Вот это его «если не знаешь» вернуло всё на свои места Я теперь по-настоящему почувствовал, что младенец Данилка и есть тот самый Данилка, которого мы знали, как своего ровесника, своего одноклассника. Я сказал:
— Жалко, Данилка, что ты не будешь учиться в нашем классе.
— А вы? — спросил младенец.
— Что мы?
— У вас это тоже не учёба, а прохождение уже пройденного. Не парьтесь, с понедельника я буду «учиться» с вами.
— Как это, с нами? — удивился Игорь.
— Завтра поймёте. Завтра всё встанет на свои места, и мы вернёмся в нашу ветвь времени.

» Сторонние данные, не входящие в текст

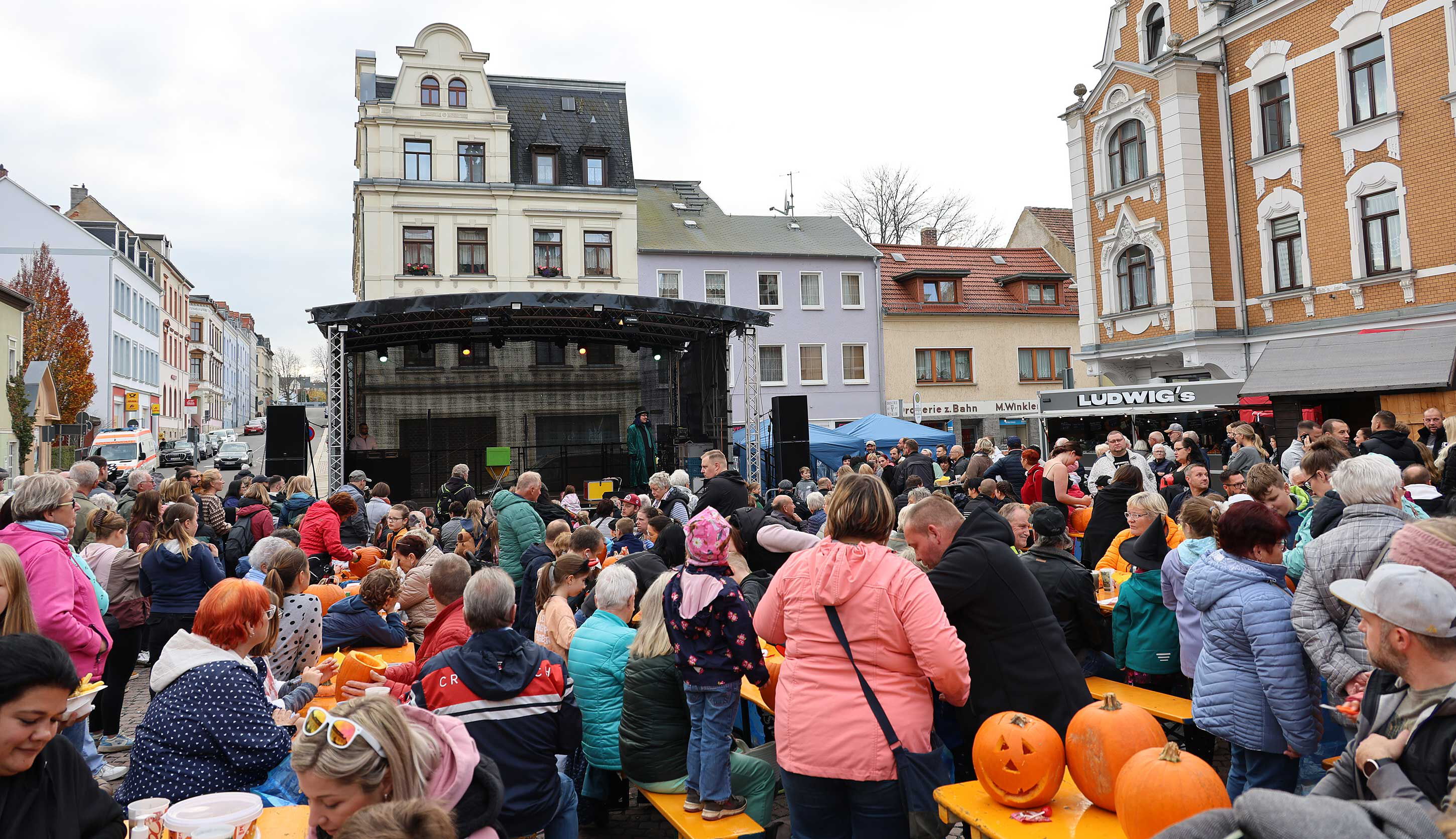 Das Jubiläumsjahr neigt sich dem Ende zu, doch am 31. Oktober 2024 wurde auf dem Teichplatz nochmal richtig gefeiert! Der Jugendclub „Beverly Hill’s“ e.V. als Träger der Partnerschaft für Demokratie Meerane hatte gemeinsam mit dem Schloss-Café Ponitz und der Stadtverwaltung Meerane zum Herbstfest und einem bunten Familiennachmittag eingeladen. Bürgermeister Jörg Schmeißer, Sebastian Reichenbach vom Jugendclub „Beverly Hill’s“ e.V. und die Gruppe „Schlechte Gesellschaft Meerane“ begrüßten die zahlreichen kleinen und großen Besucher, für die ein abwechslungsreiches Bühnenprogramm und viele weitere Angebote vorbereitet waren. Die Halloween-Fans konnten beim Kürbis-Schnitzen mit dem Jugendclub und der Partnerschaft für Demokratie ihrer Kreativität freien Lauf lassen oder in der Hüpfburg toben. Auch „Udo‘s Kinder-Express“ war zum Herbstfest unterwegs und sorgte für großen Spaß. Außerdem stand eine Bastelstraße von der „Schlechten Gesellschaft Meerane“ bereit, wo Lampions gebastelt oder Bilder gemalt werden konnten. Wie die Freundesgruppe mitteilte, sollen die dort gesammelten Spenden einem gemeinnützigen Verein in der Stadt zugutekommen. Zum diesjährigen Weihnachtsmarkt, an dem die „Schlechte Gesellschaft“ auch dabei sein wird, sollen weitere Spenden gesammelt und schließlich das Geheimnis gelüftet werden, wer sich über die Finanzspritze freuen kann!

Глава 20. Конец Танат Угробелло
Утром за мной и Витькой зашёл Вадик, и Борис обещал провести нас на холмы. Он сказал, чтобы мы его подождали у прохода на защищённую территорию.
Перед нашим уходом Борису позвонил Сергей Варданян. Я слышал часть разговора, потому что Борин телефон довольно громкий. Сергей срывающимся от волнения голосом сообщил, что в разрушенной деревне на месте руин стоит совершенно целый дом. Он ещё сказал, что видел уже это, но во сне. Борис сказал ему, чтобы он и другие не волновались, и пообещал всё объяснить, когда появится в институте.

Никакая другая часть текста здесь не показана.